To do: For this exercise, return exactly the lines of the material below that begin at the one with "A neon blue" and stop after the one with "Esta es la tarjeta".

Material for the task:
________________________

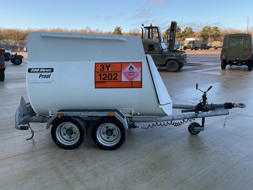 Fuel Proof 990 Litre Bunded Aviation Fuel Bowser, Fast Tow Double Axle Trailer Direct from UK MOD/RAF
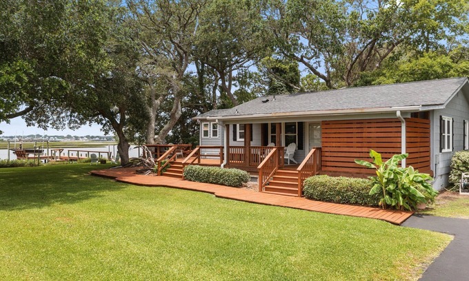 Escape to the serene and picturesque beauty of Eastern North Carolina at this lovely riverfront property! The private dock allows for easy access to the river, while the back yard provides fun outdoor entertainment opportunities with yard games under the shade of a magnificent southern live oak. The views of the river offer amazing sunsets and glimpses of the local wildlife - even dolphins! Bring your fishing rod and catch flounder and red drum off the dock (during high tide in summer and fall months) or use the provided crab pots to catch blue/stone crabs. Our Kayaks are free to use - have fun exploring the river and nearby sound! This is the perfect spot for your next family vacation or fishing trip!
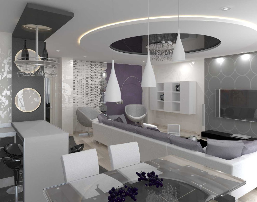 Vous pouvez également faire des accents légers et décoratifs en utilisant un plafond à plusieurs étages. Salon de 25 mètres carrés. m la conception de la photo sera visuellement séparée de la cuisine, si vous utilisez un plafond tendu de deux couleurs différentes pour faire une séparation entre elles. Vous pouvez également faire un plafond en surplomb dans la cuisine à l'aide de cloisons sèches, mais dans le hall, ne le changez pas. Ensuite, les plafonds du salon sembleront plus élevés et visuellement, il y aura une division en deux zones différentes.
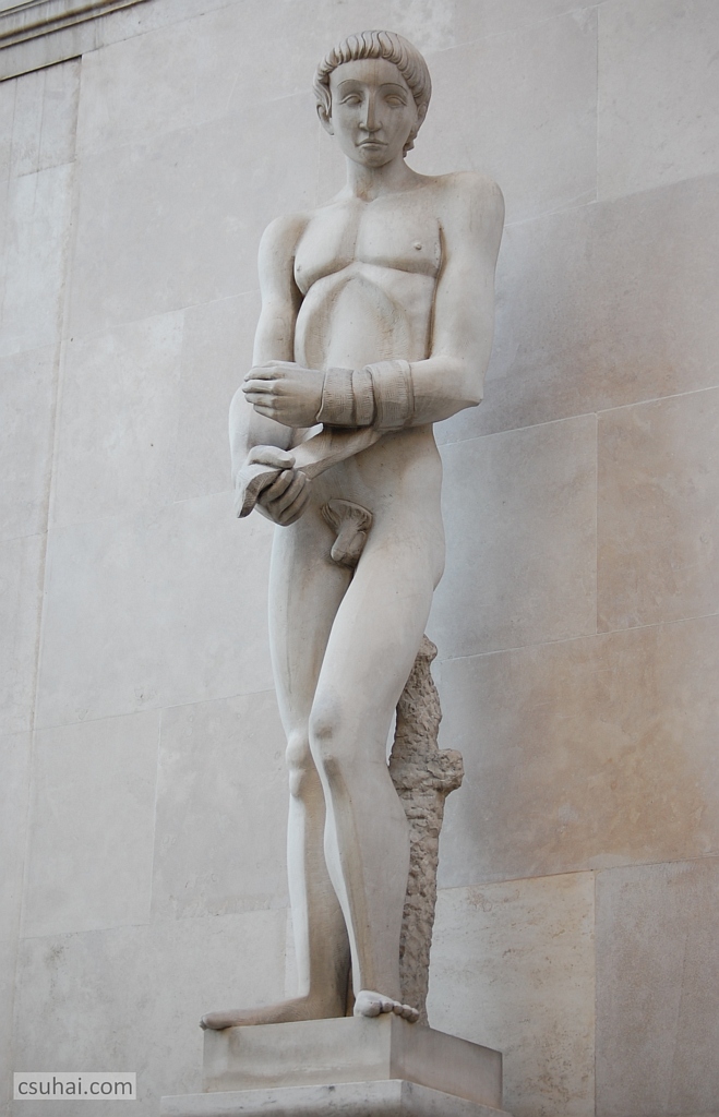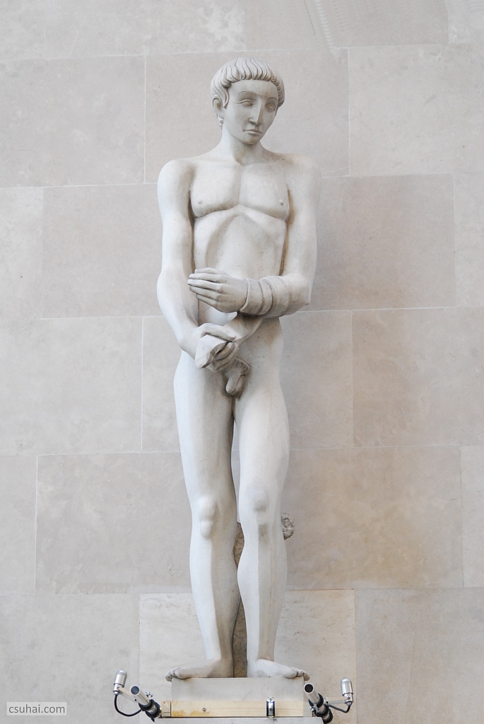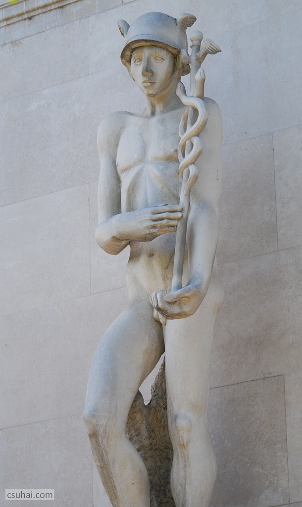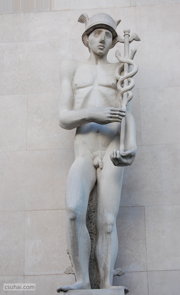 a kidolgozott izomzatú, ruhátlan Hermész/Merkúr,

________________________

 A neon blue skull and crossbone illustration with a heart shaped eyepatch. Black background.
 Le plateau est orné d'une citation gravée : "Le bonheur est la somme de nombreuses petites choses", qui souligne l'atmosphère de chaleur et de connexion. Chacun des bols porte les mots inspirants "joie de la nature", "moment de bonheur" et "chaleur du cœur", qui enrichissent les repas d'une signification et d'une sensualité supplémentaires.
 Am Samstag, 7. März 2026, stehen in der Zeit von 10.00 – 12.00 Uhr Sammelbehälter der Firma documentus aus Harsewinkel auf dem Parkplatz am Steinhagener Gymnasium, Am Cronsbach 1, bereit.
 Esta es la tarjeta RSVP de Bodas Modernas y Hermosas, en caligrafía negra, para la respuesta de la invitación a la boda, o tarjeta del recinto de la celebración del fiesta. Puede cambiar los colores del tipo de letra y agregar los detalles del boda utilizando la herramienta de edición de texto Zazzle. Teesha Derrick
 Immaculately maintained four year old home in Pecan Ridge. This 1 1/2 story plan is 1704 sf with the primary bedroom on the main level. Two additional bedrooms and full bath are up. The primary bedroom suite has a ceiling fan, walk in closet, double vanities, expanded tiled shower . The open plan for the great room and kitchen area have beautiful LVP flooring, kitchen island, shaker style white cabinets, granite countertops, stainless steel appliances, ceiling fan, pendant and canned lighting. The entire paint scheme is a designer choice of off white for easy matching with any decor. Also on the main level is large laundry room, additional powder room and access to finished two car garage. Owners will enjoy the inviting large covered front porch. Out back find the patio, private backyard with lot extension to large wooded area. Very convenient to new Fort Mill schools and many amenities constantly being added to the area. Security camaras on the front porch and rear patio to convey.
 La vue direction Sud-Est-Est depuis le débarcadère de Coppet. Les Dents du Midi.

________________________

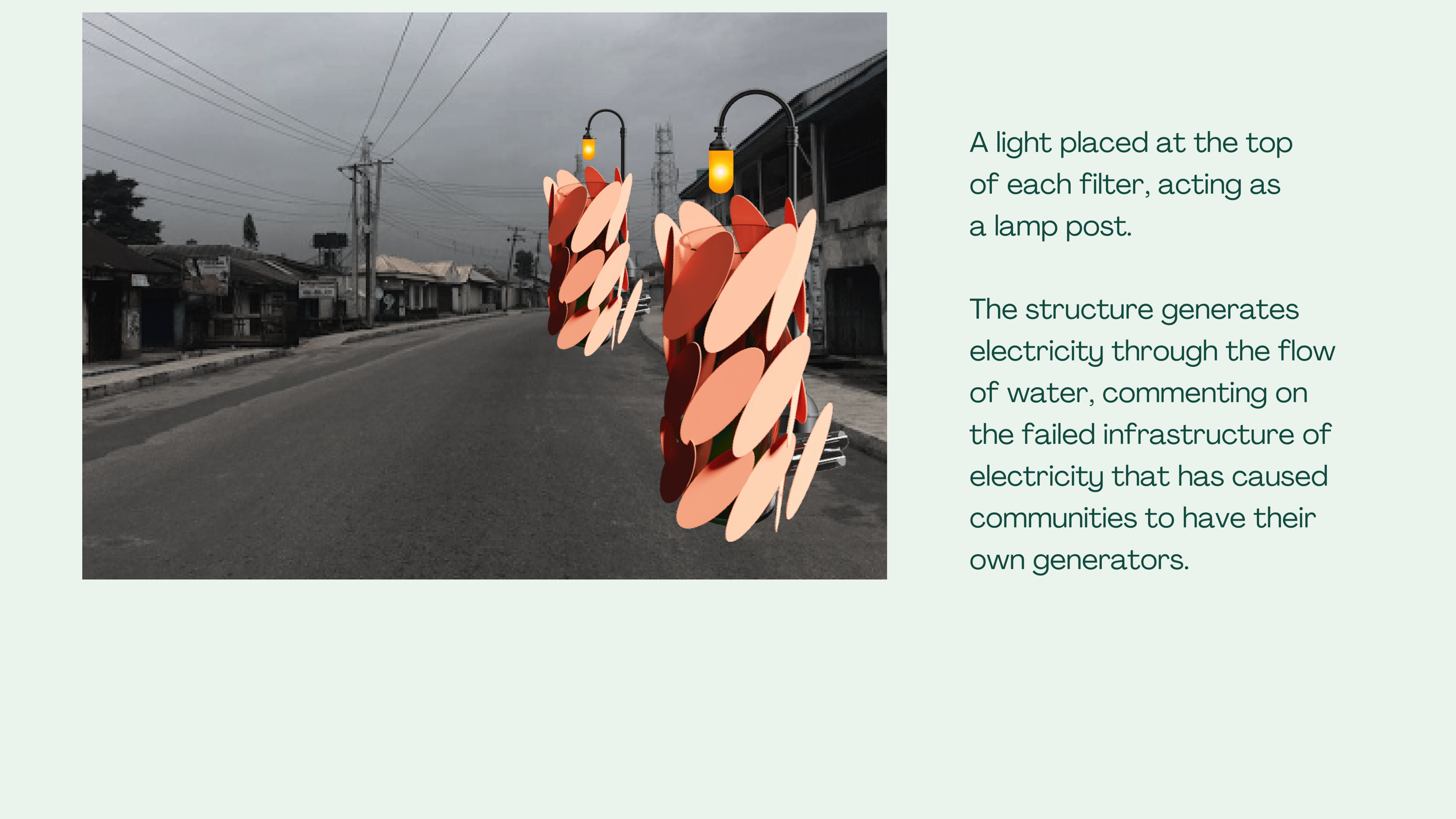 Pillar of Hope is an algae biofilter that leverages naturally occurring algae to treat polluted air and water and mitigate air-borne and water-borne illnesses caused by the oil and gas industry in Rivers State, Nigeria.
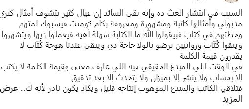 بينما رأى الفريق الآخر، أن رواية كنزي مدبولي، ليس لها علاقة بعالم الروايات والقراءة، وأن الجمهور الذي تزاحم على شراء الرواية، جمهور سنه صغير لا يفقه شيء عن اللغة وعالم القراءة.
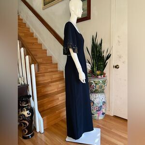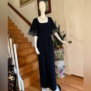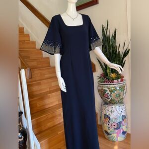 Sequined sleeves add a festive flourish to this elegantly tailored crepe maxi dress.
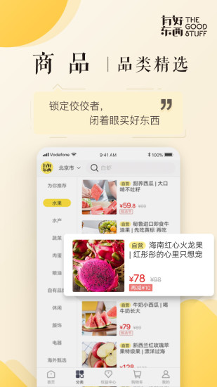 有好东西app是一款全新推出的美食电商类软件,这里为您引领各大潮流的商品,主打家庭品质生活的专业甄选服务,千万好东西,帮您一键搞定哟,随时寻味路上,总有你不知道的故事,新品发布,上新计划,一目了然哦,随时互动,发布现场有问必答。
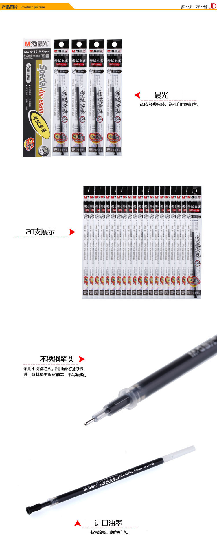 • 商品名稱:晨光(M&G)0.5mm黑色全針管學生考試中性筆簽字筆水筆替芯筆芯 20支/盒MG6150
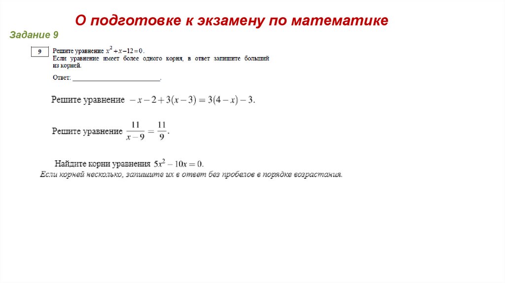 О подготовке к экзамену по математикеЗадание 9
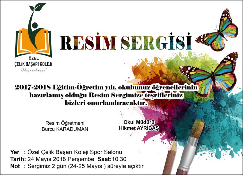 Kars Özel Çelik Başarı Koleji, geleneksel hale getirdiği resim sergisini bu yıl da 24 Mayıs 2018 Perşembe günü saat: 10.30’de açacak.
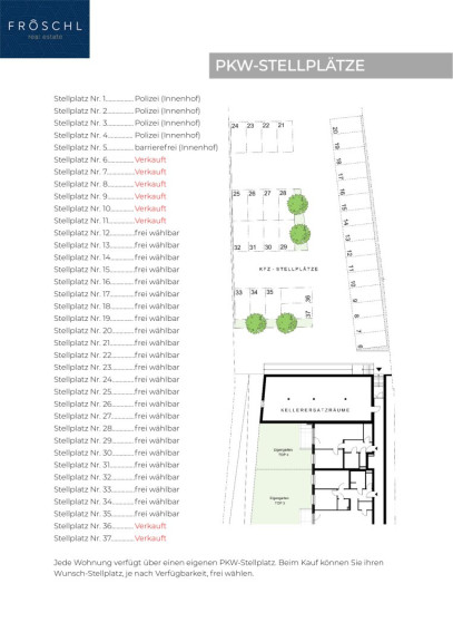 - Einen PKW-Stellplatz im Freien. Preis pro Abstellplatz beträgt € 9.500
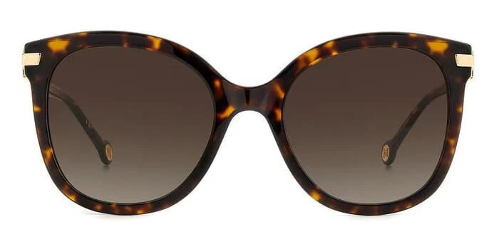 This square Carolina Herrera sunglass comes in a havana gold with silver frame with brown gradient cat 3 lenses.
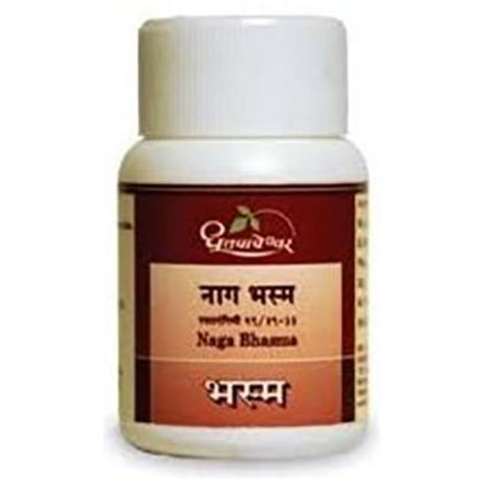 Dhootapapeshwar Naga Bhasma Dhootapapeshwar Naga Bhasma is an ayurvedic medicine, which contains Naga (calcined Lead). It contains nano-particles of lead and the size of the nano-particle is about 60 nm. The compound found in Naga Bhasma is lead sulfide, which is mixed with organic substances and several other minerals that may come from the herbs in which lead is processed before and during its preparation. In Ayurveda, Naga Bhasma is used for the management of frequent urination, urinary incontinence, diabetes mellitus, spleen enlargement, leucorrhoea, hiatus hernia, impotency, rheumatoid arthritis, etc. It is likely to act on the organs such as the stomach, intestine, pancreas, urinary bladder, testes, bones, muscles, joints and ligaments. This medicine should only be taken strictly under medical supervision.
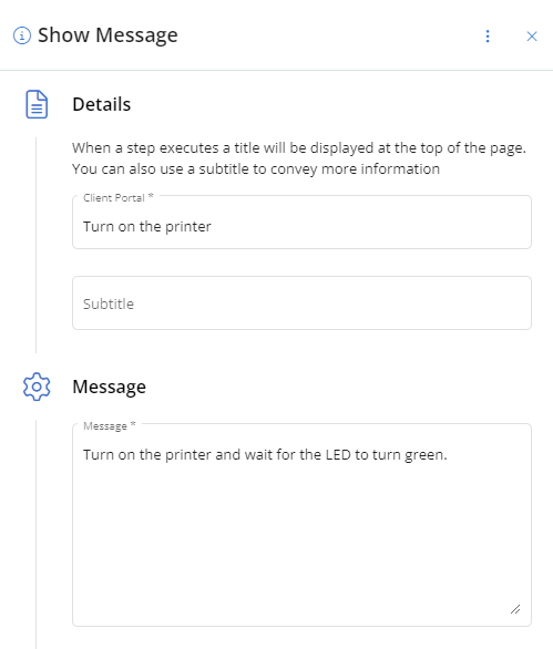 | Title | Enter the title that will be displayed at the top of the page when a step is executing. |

________________________

Response to the exercise:
 A neon blue skull and crossbone illustration with a heart shaped eyepatch. Black background.
 Le plateau est orné d'une citation gravée : "Le bonheur est la somme de nombreuses petites choses", qui souligne l'atmosphère de chaleur et de connexion. Chacun des bols porte les mots inspirants "joie de la nature", "moment de bonheur" et "chaleur du cœur", qui enrichissent les repas d'une signification et d'une sensualité supplémentaires.
 Am Samstag, 7. März 2026, stehen in der Zeit von 10.00 – 12.00 Uhr Sammelbehälter der Firma documentus aus Harsewinkel auf dem Parkplatz am Steinhagener Gymnasium, Am Cronsbach 1, bereit.
 Esta es la tarjeta RSVP de Bodas Modernas y Hermosas, en caligrafía negra, para la respuesta de la invitación a la boda, o tarjeta del recinto de la celebración del fiesta. Puede cambiar los colores del tipo de letra y agregar los detalles del boda utilizando la herramienta de edición de texto Zazzle. Teesha Derrick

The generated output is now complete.